In this day and age, that is simply incredible.



Terrifying retirement for hens

I was reading the Perspectives section of the Oct. 3 Sunday Valley News and saw the opinion column by Suzanne Lupien (“The best chicken pie ever: A menu for your laying hen’s retirement party”). As I read it, I had a growing feeling of terror.

The column praised the old laying hens — “so many delicious eggs” — only to then describe whacking off their heads and hanging them up by their feet. They are of no use anymore when they quit laying eggs. Only in a pie.

“Make sure your heart is calm and your hatchet or cleaver is sharp and heavy.” What a terrible way to be retired! The column goes on to say, “One clear-intentioned and accurate blow should suffice.” I think what bothered me about this piece is its gleeful tone.

P.S.: I don’t eat animals.



A few car-related questions

I have some questions. Is it true that the New Hampshire Department of Transportation says that automobiles do not have to be inspected for a year? Do insurance companies have to cover uninspected vehicles? How many speeding tickets have been given by Canaan and Enfield police on Route 4 near the school in the last six months or year? How come the speed limit sign is after the turn to the school and not before?



We shouldn’t live lives in fear

The Associated Press article “Surge hits region despite vax rates” (Oct. 4) made me wonder what the actual numbers are on the surge. The fairly long article mentions few solid comparison numbers. It is these types of articles that are driving fear into public perception.

A lot of these articles, driven by medical professionals, don’t take into account the other side of the COVID-19 coin, which is mental health for everybody. Of course they want you to social distance, wear a mask, etc. And one can’t argue that these measures will lead to fewer cases of COVID-19, colds, the flu, etc. But to what end? Should we live our lives inside our house for the rest of our lives, never going out in public? If we did, we could save many lives. There would never be any car accidents, plane crashes, drunken driving, etc. So why don’t we?

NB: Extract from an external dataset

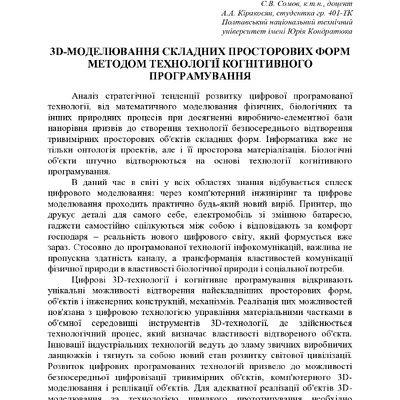 3D-моделювання складних просторових форм методом технології когнітивного програмування

It was refreshing to read syndicated columnist Megan McArdle’s Oct. 5 opinion piece (“We need to rethink our COVID-19 precautions”), as we do need to stop the perpetual state of emergency. This running and hiding is not a long-term, sustainable template.

Suicide rates are up in this nation, and it is not fair to ask young people to go through this suffering. We all know about the unfortunate suicides of the Dartmouth College students last year. In my opinion, the recent mask mandates in Hanover and Lebanon were put in place by people who don’t see the other side of the coin and without any consideration for the mental health of the youth of our country. They need to think about the long-term damage this is causing and not enact knee-jerk reaction measures.

Some say, oh, just wear a mask, it’s so easy. And to them I say, it’s even easier to not put one on in the first place.



Booster restores my freedom

I just got my COVID-19 booster shot. I was eligible because of my age and because I was fortunate to receive my first two doses of the Pfizer vaccine a little over six months ago.

Now, I don’t for a minute think that I am immune to the virus. But I do feel comfortable shopping in a grocery store, going out to see a movie or eating in a restaurant. I feel comfortable getting on a plane and, most of all, doing my work, which involves being with singers and actors in a rehearsal room, something that was impossible for 18 months. Now that, to me, is freedom.